Oregon State Firefighter Representative Dacia Graeber was camping with her husband, who also works in the fire service, near the California state line when they were woken by strong winds just after midnight.

The sky was glowing with lightning strikes in the clouds, while ash was blasting at them, though they were in Oregon, about 10 miles (about 16 km) away. The intense heat from the fire caused the formation of a huge pyrocumulonimbus cloud, which can produce its own weather system including winds and thunderstorms, Graeber said.

“This was among the worst winds I’ve had in my life and we’re used to big fires,” she said. “I thought it would rip the overhead tent of our truck. We made it out of there.”

On their way out, they come across two hikers on Pacific Coast Highway fleeing to safety.

“The terrifying part for us was the wind speed,” she said. “It went from a fairly cold stormy night to a hot, dry wind with the power of hurricanes.”

In western Montana, wind-driven Elmo fires have forced evacuations of homes and livestock as they race through grass and lumber, according to the Idaho-based National Interagency Fire Center. The agency estimated that it would take about a month to contain the fire.

The smoke closed part of Interstate 28 between Hot Springs and Elmo due to thick smoke, according to the Montana Department of Transportation.

Crews from several different agencies were battling the blaze on Saturday, including the Salish and Kootenay Confederate Tribes Fire Brigade.
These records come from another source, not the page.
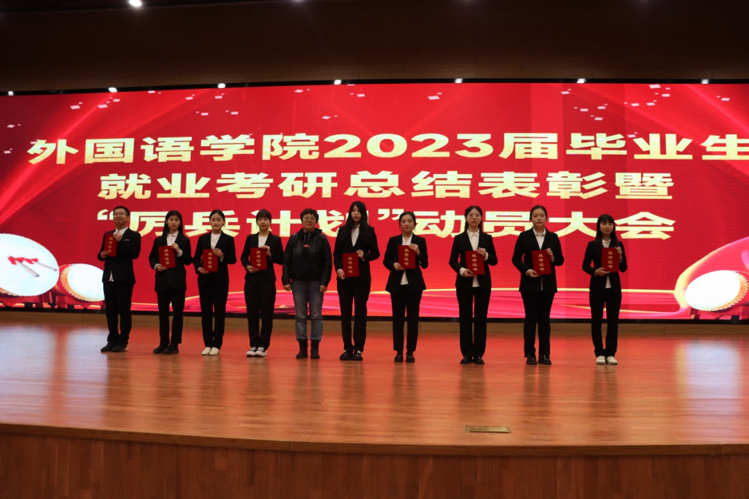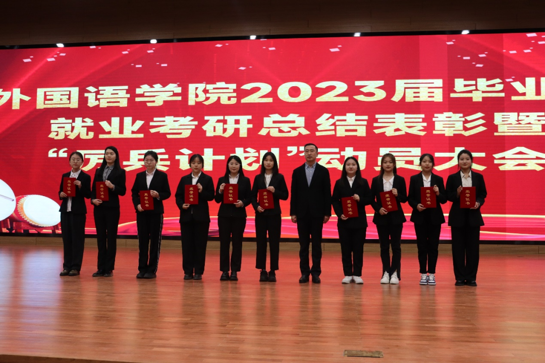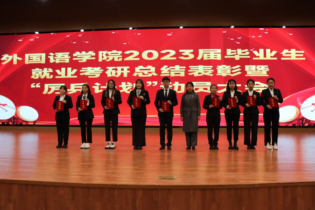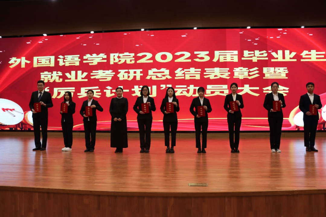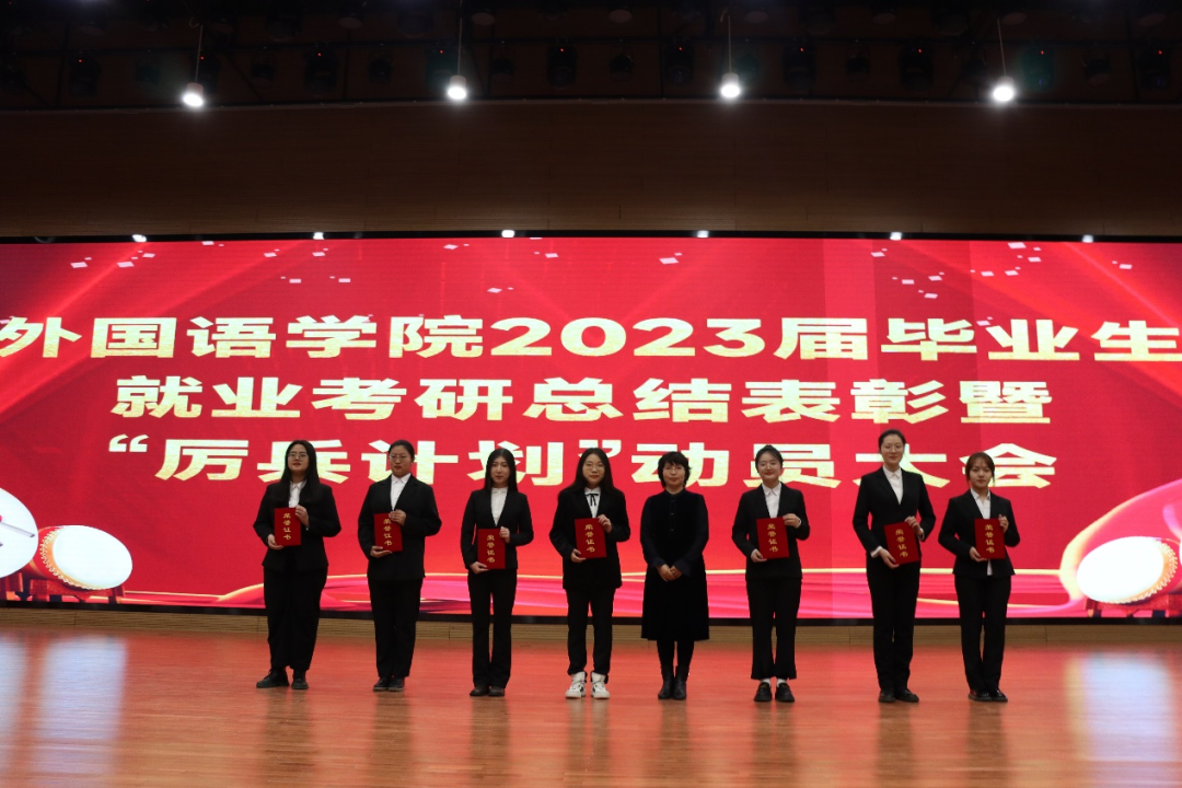为深入贯彻党的二十大精神,积极落实“毕业生更充分更高质量就业”,充分调动2023届毕业生就业积极性,进一步做好2024届毕业生就业推进工作。4月27日晚,学院以线上线下相结合的形式在千人报告厅召开“2023届毕业生就业考研表彰暨‘厉兵计划’动员大会”。院长李淑华、党委书记韩强、副院长赵岩、李艳红、潘雁,党委副书记胡晶出席会议,英语系主任胡晓丽、俄语系主任王春红、日语系主任刘丽芳、教师第二支部书记许春花,团委书记范妙然、辅导员柳铭钰、陈健飞,2019级学生代表、2020级、2021级、2022级全体学生参加会议。会议由胡晶主持。
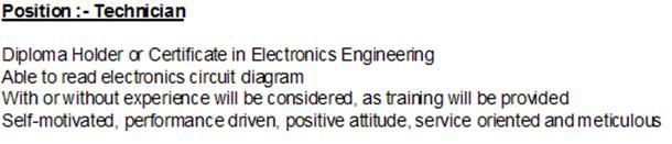 4。资格要求 : Diploma/Certificate in Electronics Engineerings
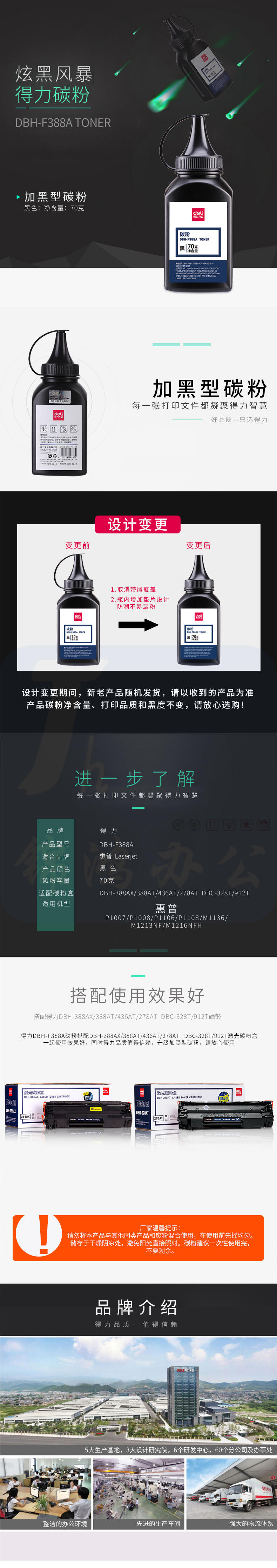 得力DBH-F388A碳粉/墨粉(适用惠普HP P1007/P1008/P1106/P1108/M1136/M1213nf/M1216nfh)
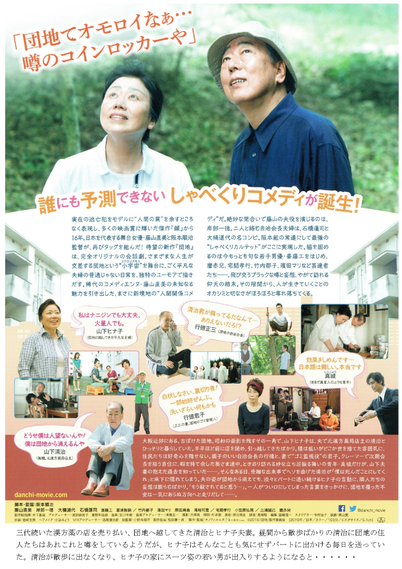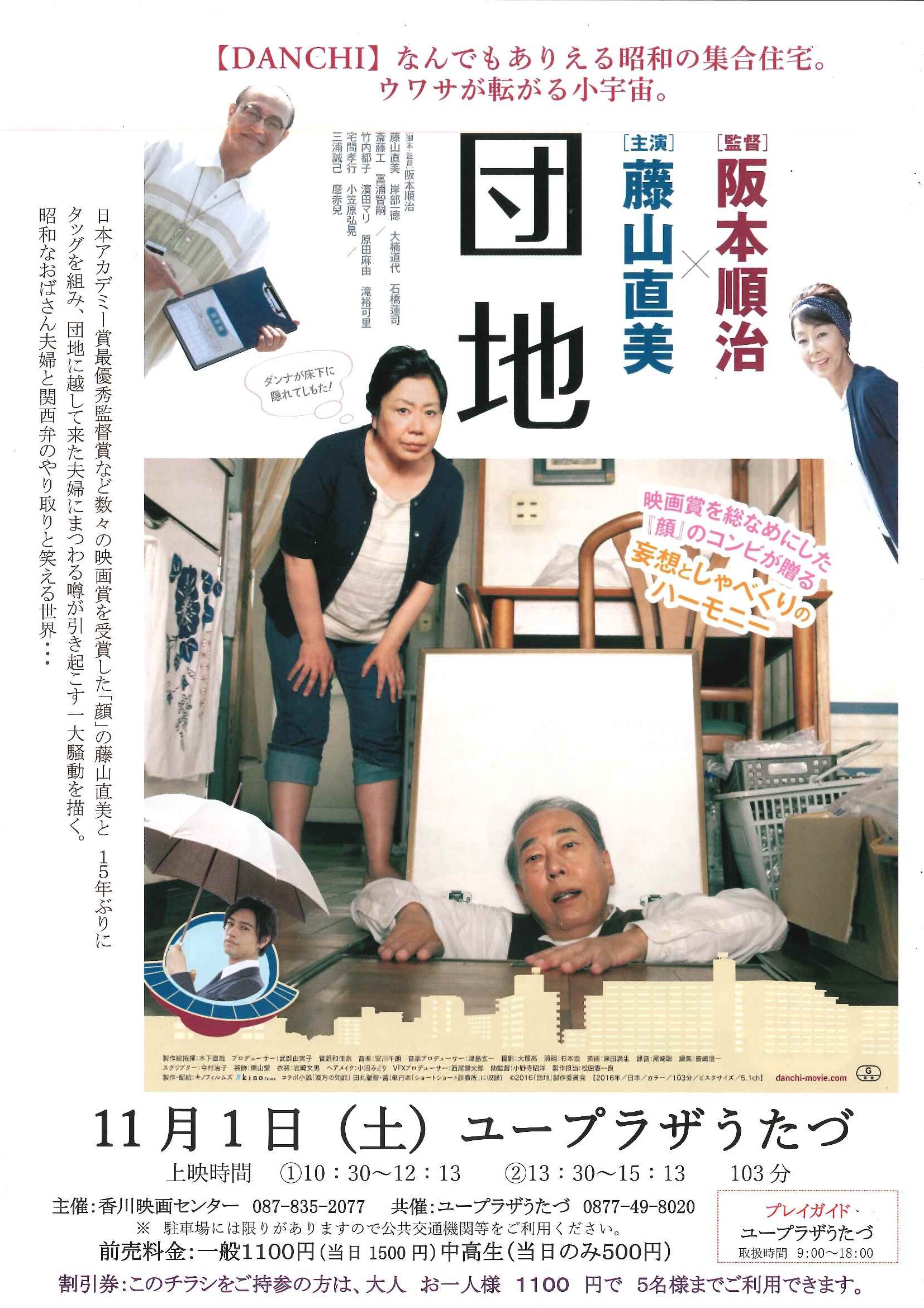 | 内 容 | 映画上映会「団地」 11月1日(土)にハーモニーホールで映画「団地」を上映します。 さまざまな人生が交差する団地という『小宇宙』を舞台に、ごく平凡な夫婦の普通じゃない日常を独特のユーモアで描きだす新境地の人間関係コメディ。 チケットはユープラザうたづ事務所で好評販売中です。 **************************** 主演、藤山直美。さまざまな人生が交差する団地という『小宇宙』(ミクロコスモス)を舞台に、ごく平凡な夫婦の普通じゃない日常を独特のユーモアで描きだす新境地の人間関係コメディ。 三代続いた漢方薬の店を売り払い、団地へ越してきた清治とヒナ子夫妻。昼間から散歩ばかりの清治に団地の住人達はあれこれと噂しているようだが、ヒナ子はそんなことも気にせずパートに出かける毎日を送っていた。清治が散歩に出なくなりヒナ子の家にスーツ姿の若い男が出入りするようになると… **************************** ※映画上映会「団地」(チラシ) ※詳細 映画上映会「団地」 |
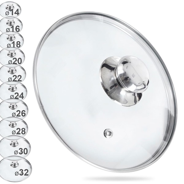 - Universal – a heat-resistant glass lid with stainless steel rim. With a diameter of 32 cm. This lid can be used for all types of pots, casseroles and pans.
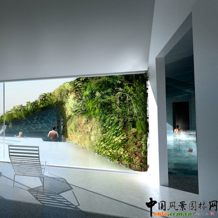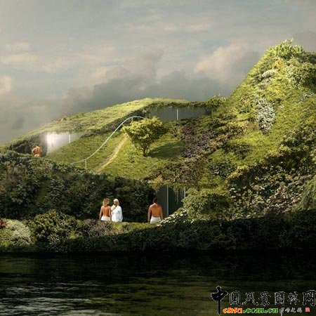 中國(guó)風(fēng)景園林網(wǎng) 德國(guó)建筑師Anne Holtrop聯(lián)手綠色科技公司Studio Noach Patrick Blanc設(shè)計(jì)了一個(gè)包含園林和礦泉療養(yǎng)地的人工浮島。該提議目前還在公示階段。
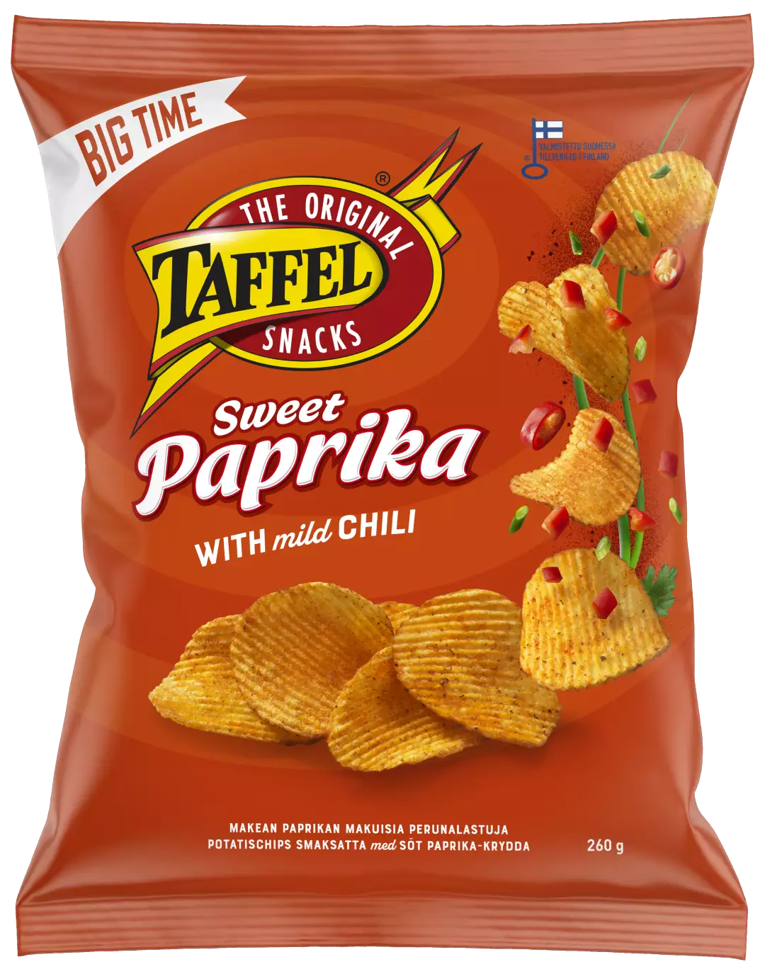 Taffel Sweet Paprikan makean paprikan ja miedon chilin lämpö saa makunystyrät väreilemään samanmuotoisena kuin nämä ihanat sipsit.
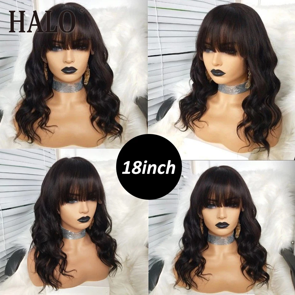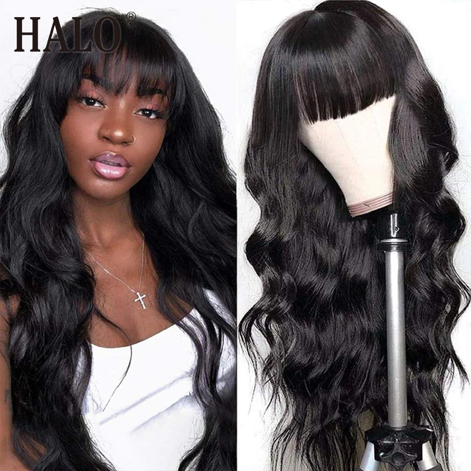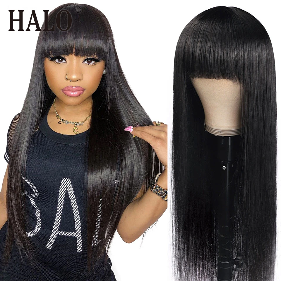 Парик из 100% человеческих волос с челкой, парики из человеческих волос с волнистыми волосами для черных женщин, дешевые бразильские Прямые длинные парики с челкой
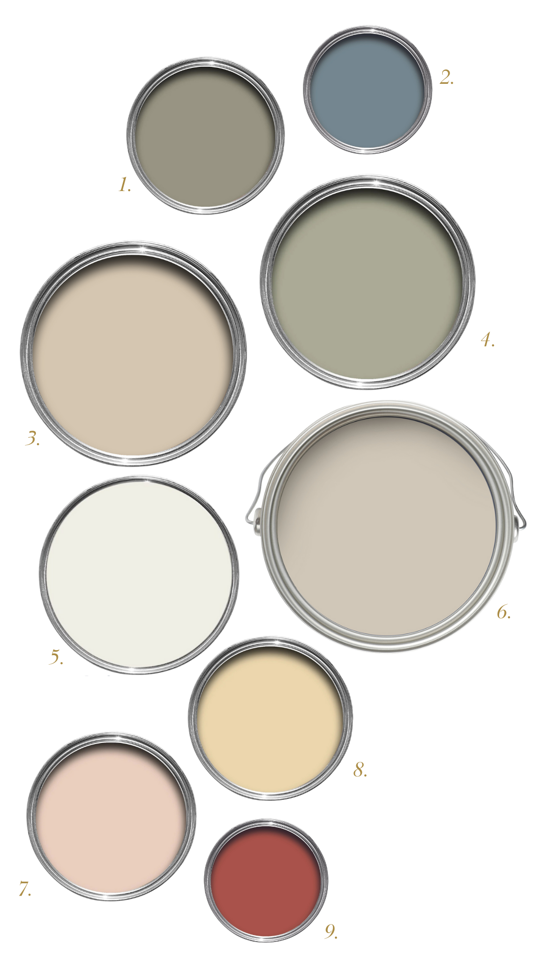 Here is a peek at some of the paint colors I will be using. I will share room schemes in the coming months as we progress.

Six helicopters fell into the fire with the help of 22 engines on the ground.

In Idaho, more than 930 firefighters and prairie support personnel were battling the moose fire Saturday to protect homes, energy infrastructure and the corridor of Interstate 93, a major north-south route.

A red flag warning indicated that the weather could make matters worse with weather forecasts calling for “dry thunderstorms” with lightning, wind and no rain.

In Hawaii, firefighters and helicopters battle the blazes Saturday night in Maui, near Baia Bay. The Maui County Emergency Management Agency said roads were closed and advised residents and travelers to avoid the area. It is unclear how many acres were burned. A red flag warning is in effect on Sunday.

Meanwhile, crews have made significant progress fighting another major California fire that forced thousands of people to evacuate near Yosemite National Park earlier this month. The oak fire was 52% contained by Saturday, according to the Cal Fire Incident Update. But amid the scorching temperatures, the danger was not entirely gone, with buildings and homes in danger until the fire was completely extinguished.

The fires come as scorching temperatures batter the Pacific Northwest, the West remains dry in a record drought, and severe storms have triggered flash floods in several states. In Kentucky, flash floods have claimed at least 25 lives in what experts describe as one annual rain event in every 1,000 years.